— Task goal —
Reproduce exactly, and only, the lines of the material below running from the line bearing "第四步:要退出安全模式,就必" through the line bearing "TOTES Women boots". Leave any pictures out.

— The input —
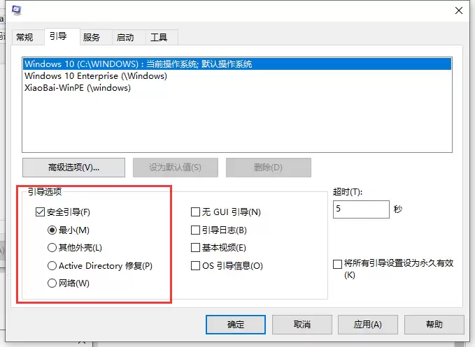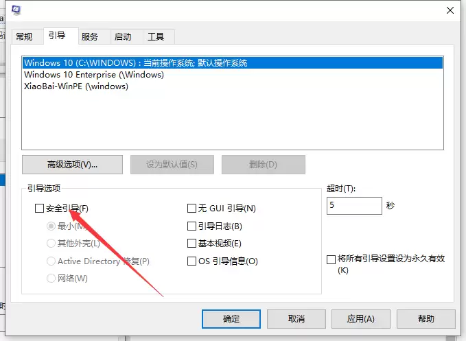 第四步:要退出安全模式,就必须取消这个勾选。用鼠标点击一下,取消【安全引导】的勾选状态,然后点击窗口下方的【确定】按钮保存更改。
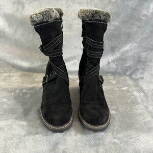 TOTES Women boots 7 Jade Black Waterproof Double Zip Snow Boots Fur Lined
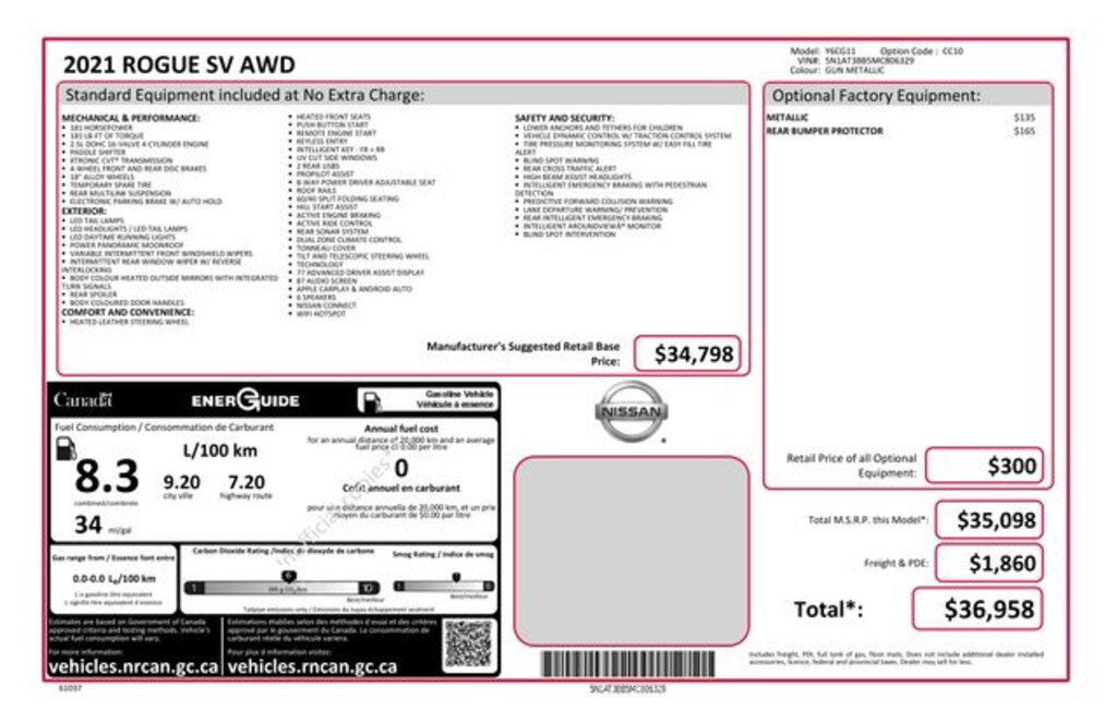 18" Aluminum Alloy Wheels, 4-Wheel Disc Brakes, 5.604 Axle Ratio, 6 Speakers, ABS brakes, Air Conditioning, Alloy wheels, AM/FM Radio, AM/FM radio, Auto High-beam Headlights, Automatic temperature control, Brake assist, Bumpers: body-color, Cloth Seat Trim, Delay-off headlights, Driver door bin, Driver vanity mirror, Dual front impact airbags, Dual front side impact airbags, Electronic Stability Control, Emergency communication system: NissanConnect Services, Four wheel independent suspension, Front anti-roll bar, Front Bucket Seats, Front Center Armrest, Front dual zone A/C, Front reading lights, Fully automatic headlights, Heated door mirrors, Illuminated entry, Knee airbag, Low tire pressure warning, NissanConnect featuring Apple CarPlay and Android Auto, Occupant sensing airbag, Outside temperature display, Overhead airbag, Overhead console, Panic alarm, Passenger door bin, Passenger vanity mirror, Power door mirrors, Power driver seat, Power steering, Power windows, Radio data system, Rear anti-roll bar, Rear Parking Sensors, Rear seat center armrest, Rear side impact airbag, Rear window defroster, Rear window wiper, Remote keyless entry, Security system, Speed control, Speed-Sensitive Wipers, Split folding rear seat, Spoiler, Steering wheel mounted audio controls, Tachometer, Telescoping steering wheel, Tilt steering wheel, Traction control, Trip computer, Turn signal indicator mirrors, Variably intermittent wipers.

* * *

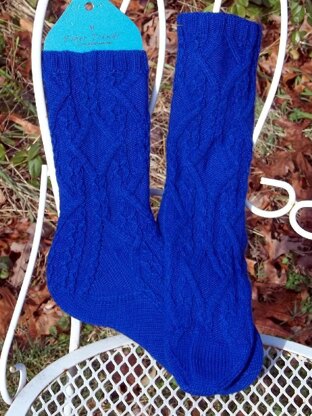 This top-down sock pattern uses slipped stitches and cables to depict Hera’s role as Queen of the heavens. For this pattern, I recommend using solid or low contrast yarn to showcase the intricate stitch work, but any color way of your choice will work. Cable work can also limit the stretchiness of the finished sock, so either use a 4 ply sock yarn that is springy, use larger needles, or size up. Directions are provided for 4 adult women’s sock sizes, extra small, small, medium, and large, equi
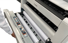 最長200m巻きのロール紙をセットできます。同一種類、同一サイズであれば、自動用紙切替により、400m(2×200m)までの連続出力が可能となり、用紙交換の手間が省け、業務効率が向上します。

— Task response —
 第四步:要退出安全模式,就必须取消这个勾选。用鼠标点击一下,取消【安全引导】的勾选状态,然后点击窗口下方的【确定】按钮保存更改。
 TOTES Women boots 7 Jade Black Waterproof Double Zip Snow Boots Fur Lined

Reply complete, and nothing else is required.